Research output: Contribution to journalArticlepeer-review

19 Scopus citations

Abstract

To address mitochondrial dysfunction that mediates irreversible visual loss and neurodegeneration of the optic nerve in the experimental autoimmune encephalomyelitis (EAE) animal model of multiple sclerosis (MS), mice sensitized for EAE were vitreally injected with self-complementary adenoassociated virus (scAAV) containing the NADH-dehydrogenase type-2 (NDI1) complex I gene that quickly expressed in mitochondria of almost all retinal ganglion cells (RGCs).

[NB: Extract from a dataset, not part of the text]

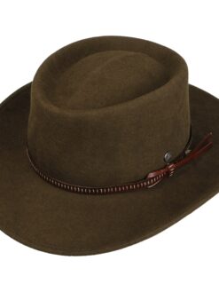 The strikingly decorated trim band of this Western hat immediately catches everyone’s eye. The fine vertical lines and the slightly protruding bow set an elegant accent and make the traveller hat a fashionable going-out hat for the city. Of course, the comfortable head covering made of 100% wool felt can also be worn while gardening or relaxing in the hammock.
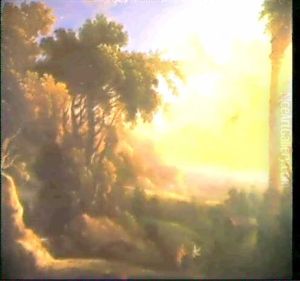 An Arcadian Landscape With Maidens Resting Before A Temple Ruin

Visual function assessed by pattern electroretinograms (PERGs) reduced by half in EAE showed no significant reductions with NDI1. Serial optical coherence tomography (OCT) revealed significant inner retinal thinning with EAE that was suppressed by NDI1. Although complex I activity reduced 80% in EAE was not improved by NDI1, in vivo fluorescent probes indicated mitochondrial oxidative stress and apoptosis of the EAE retina were reduced by NDI1. Finally, the 42% loss of axons in the EAE optic nerve was ameliorated by NDI1. Targeting the dysfunctional complex I of EAE responsible for loss of respiration, mitochondrial oxidative stress and apoptosis may be a novel approach to address neuronal and axonal loss responsible for permanent disability that is unaltered by current disease modifying drugs for MS that target inflammation.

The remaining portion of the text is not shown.